Орущая тишина: какое место в советской культуре занимал Андрей Вознесенский

К 15-летию со дня смерти поэта – обозреватель «Абзаца» Игорь Караулов.
Поэт в России должен жить долго – или умереть молодым. Андрею Вознесенскому не удалось ни того, ни другого. Возраст, в котором он покинул наш мир, – 77 лет – можно назвать преклонным, но посмотрите, например, на Александра Кушнера и Юнну Мориц, которые не сбавляют темпа поэтической работы, приближаясь к 90-летнему рубежу.
К тому же в свое последнее десятилетие Вознесенский тяжело болел и фактически отсутствовал в текущей литературной жизни, в которой он так мощно гремел в лучшие годы. Удивительно, что его любимая жена Зоя Богуславская, будучи на девять лет старше него, жива до сих пор и миновала столетнюю отметку.

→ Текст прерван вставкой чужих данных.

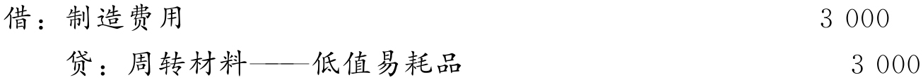 【例6-2】顺达商贸公司第一生产车间(该车间属于基本生产车间)领用一般工具一批,实际成本为3 000元,将其全部计入当期制造费用。该公司应做如下会计处理:
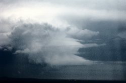 The storm was off the coast of Cape Byron and was heading in a SE direction. It turned out later it was the right mover of a split supercell. Once there I couldn't believe the structure of this thing. It looked like something out of a book! So I pulled out the Kodak DC4800 (who was on his first storm chase) and started madly taking photos! By this time the contrast of the storm against the rest of the sky was low. I handed dad the binoculars and told him to watch the base closely for anything. After a few more photos I thought I could see something - but just barely. I got the binoculars off dad and could see scud forming under the wall cloud. This was at 4.46pm. I watched it develop quickly into a very thin line barely visible through binoculars. I spent the next 20 secs trying to get a photo of this structure but couldn't as it was too far away. I jumped into the car to check the photos I'd just taken on the LCD (the screen was too dull to view in the outside light). Whilst doing this dad said he could see something. I quickly turned around to watch scuds quickly form into a funnel. It didn't descend so much from the base, it just appeared, appearing to touch the ocean very quickly. I tried taking photos with the camera's telephoto lens on, and with digital zoom (all up 12x zoom). This was at 4.48pm. I then rang Michael to let him know. He was watching the storm from his place but couldn't see the base or the funnel. Once letting him know, I took a picture at 4.49pm and another at 4.50pm and then it disappeared, as quickly as it formed.

Вознесенского никогда не рассматривали отдельно, он всегда был одним из эстрадных шестидесятников. Трое основных (Евтушенко, Вознесенский, Рождественский) и двое пристяжных (Ахмадулина как женский голос и Окуджава как поющий поэт).
Можно сказать, что Евтушенко в этой основной троице олицетворял мысль народную, Рождественский – мысль партийную, а Вознесенский был воплощением советского интеллигента.
Во времена его молодости интеллигенты делились на физиков и лириков, которые спорили между собой о том, кому принадлежит будущее. В контексте этого спора Вознесенский занимал очень удачную позицию. По образованию он был архитектором, а эта профессия сочетает в себе гуманитарное творческое начало и точный математический расчёт.
Андрей Андреевич с отрочества бывал на даче Бориса Пастернака в Переделкине, но называть его последователем даже раннего, близкого к футуристам Пастернака я бы не стал.
Пастернак – «собеседник рощ», природа для него на первом месте и лучшие страницы «Доктора Живаго» связаны именно с описанием природы. Для Вознесенского природа вторична по отношению к вещам, о чем свидетельствует его знаменитое сравнение: «чайка – плавки Бога».
Если для Пастернака «цель творчества – самоотдача, а не шумиха, не успех», то Вознесенский весь в шумихе, в медийности. И даже когда он пишет: «Тишины хочу, тишины!» – понимаешь, что желание тишины для автора – лишь еще один повод поорать вволю.
В смысле поэтики Вознесенский с его смелыми эскападами, «прыжками в ширину» более наследует Семену Кирсанову, который сам себя называл «циркачом стиха». А вот в общественном смысле он скорее пытался занять место другого литературного деятеля – Ильи Эренбурга, ушедшего из жизни аккурат тогда, когда Вознесенский входил в силу. Это роль такого специального человека для контактов с западными интеллектуалами. Человека, лояльного советской власти, которому позволяется больше, чем остальным.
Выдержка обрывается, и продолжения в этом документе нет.